Blowing Up Goose's Phone. Because when you are The Three Gals minus One you need to call that person. Periodically. Especially 2 o'clock in the AM. So you call Goose SEVEN TIMES in SEVEN MINUTES and leave her SEVEN MESSAGES. Then call Mav's many boyfriends who simultaneously call back at the same time. Then take Drunk Dialing to a whole new level and call everybody in the house who is either passed out already or just SITTING RIGHT NEXT TO YOU.
Peeing In Public Places. Boa pees in parking lots. Mav pees in firehouses. Or in the ocean. Goose actually poses with a big smile when she is sitting on the toilet and Mav barges in to snap a photo. Probably won't be old anytime soon.
Doogie references. Friends in DC will call you and tell you that they just saw Doogie. And they mean it! He is everywhere now. Apparantly just last Friday he was in Woodley Park early on and then at the Waterfront late night. It's a celebrity phenomenon. Have you seen him?! So the Doogie sightings just Never Get Old.
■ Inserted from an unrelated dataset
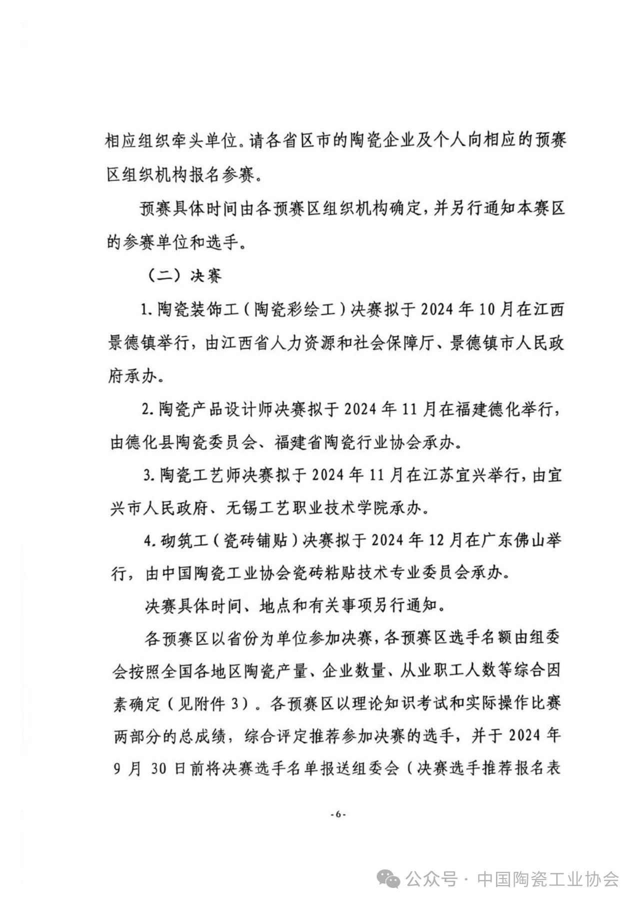 【通知】關(guān)于舉辦2024年全國(guó)行業(yè)職業(yè)技能競(jìng)賽--第十屆全國(guó)陶瓷行業(yè)職業(yè)技能競(jìng)賽的通知
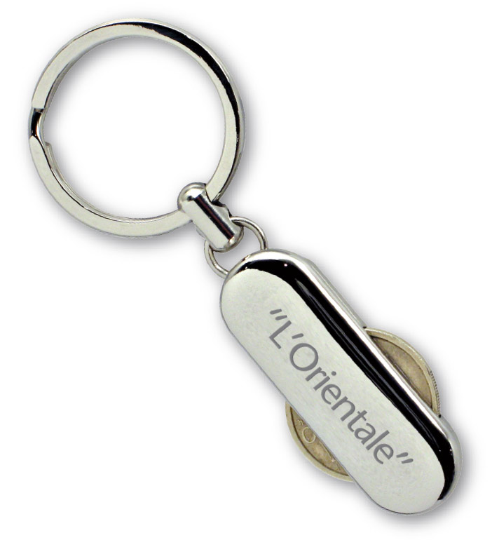 Portachiavi "You Young Coveri" dotato di anello in metallo e porta euro, confezionato in un elegante cartoncino. Questo accessorio è progettato per tenere le chiavi in ordine e a portata di mano, combinando praticità e stile.

Fu stories. As in, "Which little dog is Fu again?" Goose: "Oh, he's the one in the pink shirt." Or, "Look Fu can swim." Or, "Look Fu gets along with big dogs." Or, "Look at Fu turn his head away from the Crazy Old Lady as if to say, 'I don't know this woman.'" Or, "Think Fu can drive over the Bay Bridge?" Fu is a normal part of conversation....Never Gets Old.
Incessant Teasing of Boa. And her circa Labor Day boyfriend. [Will not! - Boa] Stay tuned...
And finally, this conversation Never Gets Old:
Boa: To the left, to the left.
Mav: You know who's going to love this?
Boa: It never gets old.
Goose: Oh honey, that's a bottle.
Then the girls pull each other's hair. Because that? Never Gets Old.